As CBN celebrates our 14th year of honoring young business leaders in Central Oregon, we — along with our sponsor, U.S. Bank — thought it would be fun to take a look at some of our past award winners and ask…
We continue this series with Stephanie Senner, marketing director at Suterra, who received this award in 2014.
- What advice would you give to your former self at the time you received the Accomplished Under 40 Award?
Make a point to meet the other award recipients one-on-one. Personal relationships will make the difference between Central Oregon becoming a larger community or losing that community feel all together. I’d also tell my former self to have a milkshake at Pilot Butte Drive-In while she still can!
- What has changed the most about Central Oregon since you received the award?
One discouraging change is increasing skepticism about growth. The community was emerging from a traumatic recession back then, so people were hungry for economic development. Now that we’re on the other end of a growth curve, people seem reluctant to invest in smart growth like event infrastructure or subsidized childcare.
One awesome change is increasing emphasis on equity and inclusion. We have a long way to go, but it’s encouraging to see community leaders at least acknowledge the systemic problems and try to build a future with others instead of for others.
- How has your career and community involvement changed since then?

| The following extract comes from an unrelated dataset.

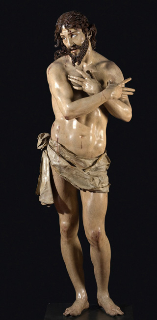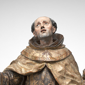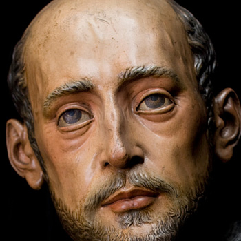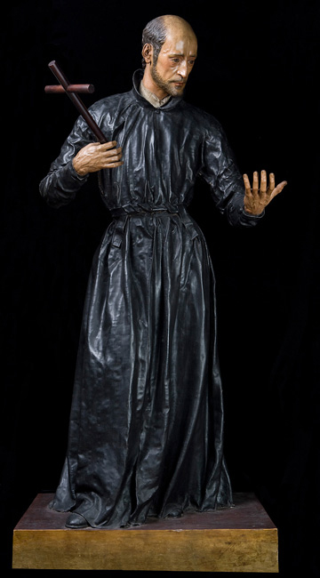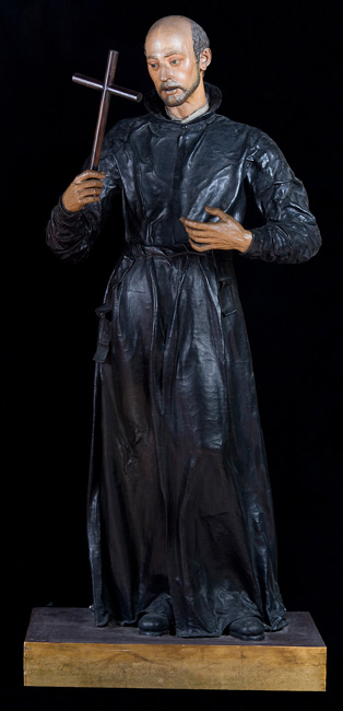 In 1609, to mark Ignatius' beatification (a level of veneration preceding sainthood), the Jesuits commissioned Montañés and Pacheco to create the sculpture of him displayed here. To capture a true likeness, they relied on Ignatius' death mask, a plaster copy of which Pacheco owned. Pacheco proclaimed their portrait of the saint the best of all representations "because it seems really alive." As with most of the images of holy figures in the exhibition, whether sculptures or paintings, the impact is enhanced by the fact that the saint is shown life-size.

I left the technology industry to join Suterra and be part of a movement toward a more sustainable food supply. It’s exciting to work for a company displacing conventional pesticides in agriculture around the world. July will end my second term on the City of Bend Economic Development Advisory Board. With more time available, I’m looking forward to helping Bend emerge as a more connected community post-pandemic.
- What did it mean to you when you were selected?
It was an incredible honor to receive my certificate from Pamela Hulse Andrews. She was a remarkable role model who inspired everyone around her to a higher level of civility and passion. It was also flattering that Jamie Christman took the time to write a nomination because our community has so many accomplished young professionals.
Anyone considering submitting a nomination should absolutely do it. It’s the greatest gift you can give someone: to encourage them and validate their efforts with this honor.
- What are some of your proudest accomplishments that led to your nomination?
When we first moved to Bend, it was tempting to become a perma-tourist and kayak and Nordic ski and hang out at Deschutes. Learning the history of the town through Leadership Bend helped me realize that Central Oregon is not here by accident. It was built through purposeful stewardship that makes the privilege of being a local more meaningful. The “accomplishment” I’m proud of in my 30s is just waking up to the price of admission: volunteerism and civic engagement.
- What advice would you give this year’s award nominees?
We need accomplished people like you to rise above chaotic national divisions and connect our local community through leadership, volunteerism or endless daily kindnesses. There is an ecosystem of existing organizations able to help, but they need your involvement to thrive in the future. The economic and educational fall-out from COVID-19 is already catastrophic in Central Oregon. Our community’s willingness to get involved means the difference between kids eating and not eating; teens graduating or dropping out; senior citizens literally living or dying. Those terrible stakes bring focus to the work ahead of us all.
- Additional comments?
I appreciate Wendy McGrane and the team at U.S. Bank for their consistent support of this program. The nomination experience encourages recipients and nominators alike. Thanks also to Cascade Business News for bringing the program to the community year after year so we can all be inspired by the honorees’ stories.